Copper is a material that has recently gained much attention as a replacement for conventional interconnect metal. Copper as an interconnect material offers low cost and low resistance, copper however has low adhesive strength to various insulating layers and shows an inherent difficulty in masking and etching a blanket copper layer to form intricate circuit structures. Copper further suffers from high diffusivity in common insulating materials such as silicon oxide and oxygen-containing polymers. For instance, copper tends to diffuse into polyimide during high temperature processing of the polyimide. This causes severe corrosion of the copper and the polyimide due to the copper combining with oxygen in the polyimide. This corrosion may result in loss of adhesion, delamination, voids and ultimately a catastrophic failure of the component. Copper interconnects should therefore be encapsulated by at least one diffusion barrier to prevent diffusion into the silicon dioxide layer. Silicon nitride is a diffusion barrier to copper, but the prior art teaches that the interconnects should not lie on a silicon nitride layer because it has a high dielectric constant compared with silicon dioxide. The high dielectric constant causes an undesired increase in capacitance between the interconnect and the substrate. A typical barrier layer is deposited using rf. sputtering of titanium nitride, tantalum, tungsten, niobium, molybdenum, Ti/TiN or Ti/W and is more preferably formed from TiN. The barrier layer can also be used to improve the adhesion of a subsequent overlying tungsten layer. A barrier layer is preferably about 100 and 500 angstrom thick and more preferably about 300 angstrom thick.
To further enhance the adhesion of a copper interconnect line to the surrounding layer of dielectric or insulation, a seed layer is deposited over the barrier layer. A seed layer can be deposited using a sputter chamber or an Ion Metal Plasma (IMP) chamber at a temperature of between about 0 and 300 degrees C. and a pressure of between about 1 and 100 mTorr, using copper or a copper alloy as the source at a flow rate of between about 10 and 400 sccm and using argon as an ambient gas. The minimum thickness of a seed layer is about 50 Angstrom, this thickness is required to achieve a reliable gap fill.
Semiconductor device performance improvements are largely achieved by reducing device dimensions while increasing device-packaging densities. With the continuing shrinkage of integrated circuit device dimensions, one of the major challenges in creating damascene interconnects is the via resistance of these interconnects. The invention addresses this aspect of the damascene process and provides a method that considerably reduces the via resistance of damascene interconnects.

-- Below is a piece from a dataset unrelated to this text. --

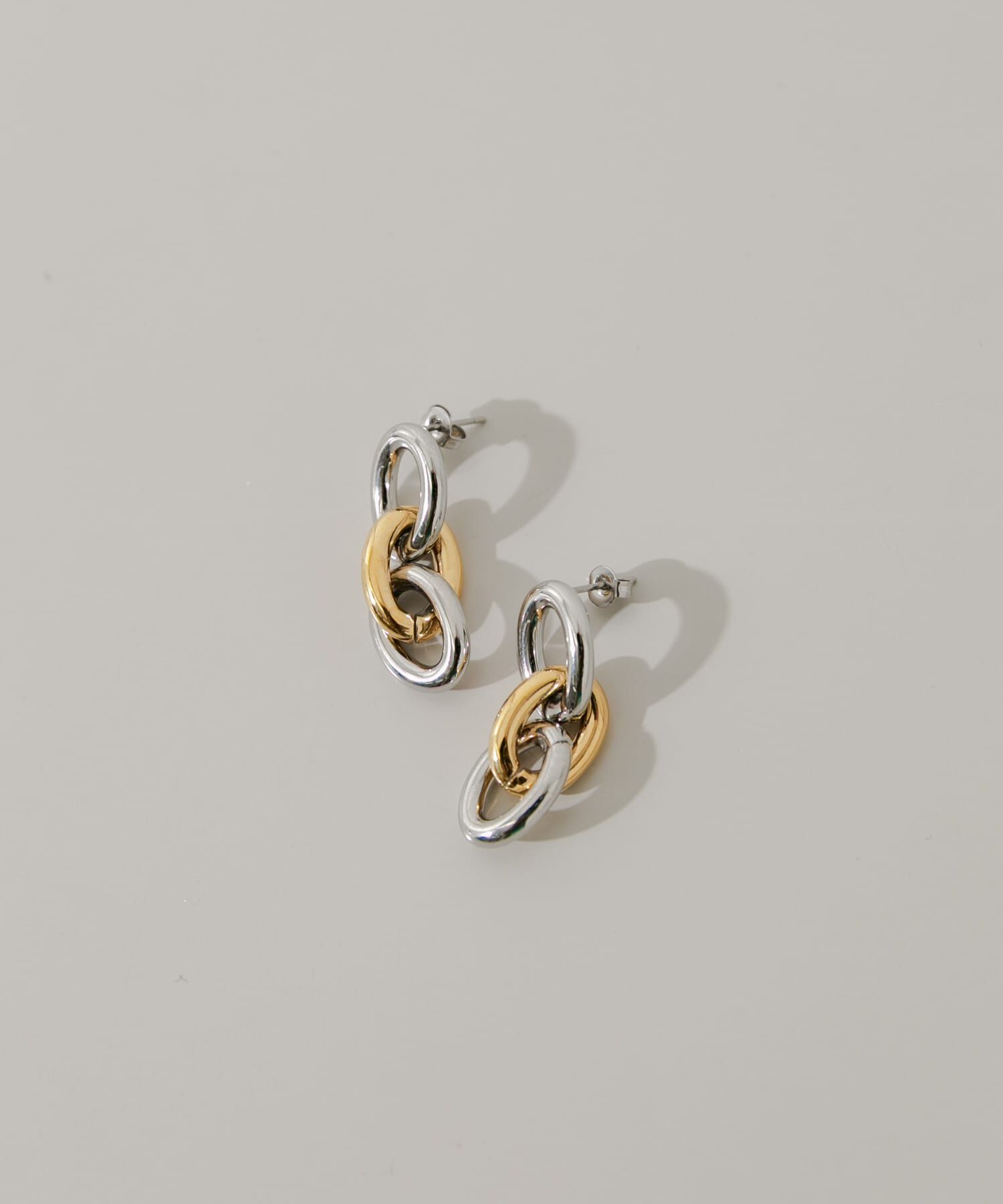 【洗練されたバイカラー】●シルバーとゴールドのリングを連ねたミックスカラーデザイン●耳元にモダンな奥行きを演出●肌に優しく錆びにくいサージカルステンレ.. |

U.S. Pat. No. 6,015,749 (Liu et al.) shows an ECD Cu and an anneal in a vacuum, see col. 4, line 40.
U.S. Pat. No. 6,043,153 (Nogami et al.) teaches an ECD Cu and vacuum anneal, see col. 4, line 12.

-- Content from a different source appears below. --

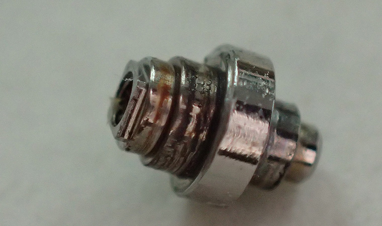 オイルが完全に切れており、サビや摩耗が確認できます。

U.S. Pat. No. 6,037,257 (Chiang et al.) shows a Cu sputter deposition and anneal.
U.S. Pat. No. 5,814,557 (Venkatraman et al.) shows another ECD and anneal process.
A principle objective of the invention is to reduce via resistance of damascene interconnects.
Another objective of the invention is to reduce the semiconductor device failure rate that is caused by high damascene via resistance failures.
Yet another objective of the invention is to replace the conventional Electro Chemical Plating (ECP) copper anneal process with an improved process that results in reducing the via resistance of damascene via interconnects.
In accordance with the objectives of the invention a new anneal procedure is introduced that is applied to copper damascene via interconnects after copper ECP deposition and prior to copper planarization.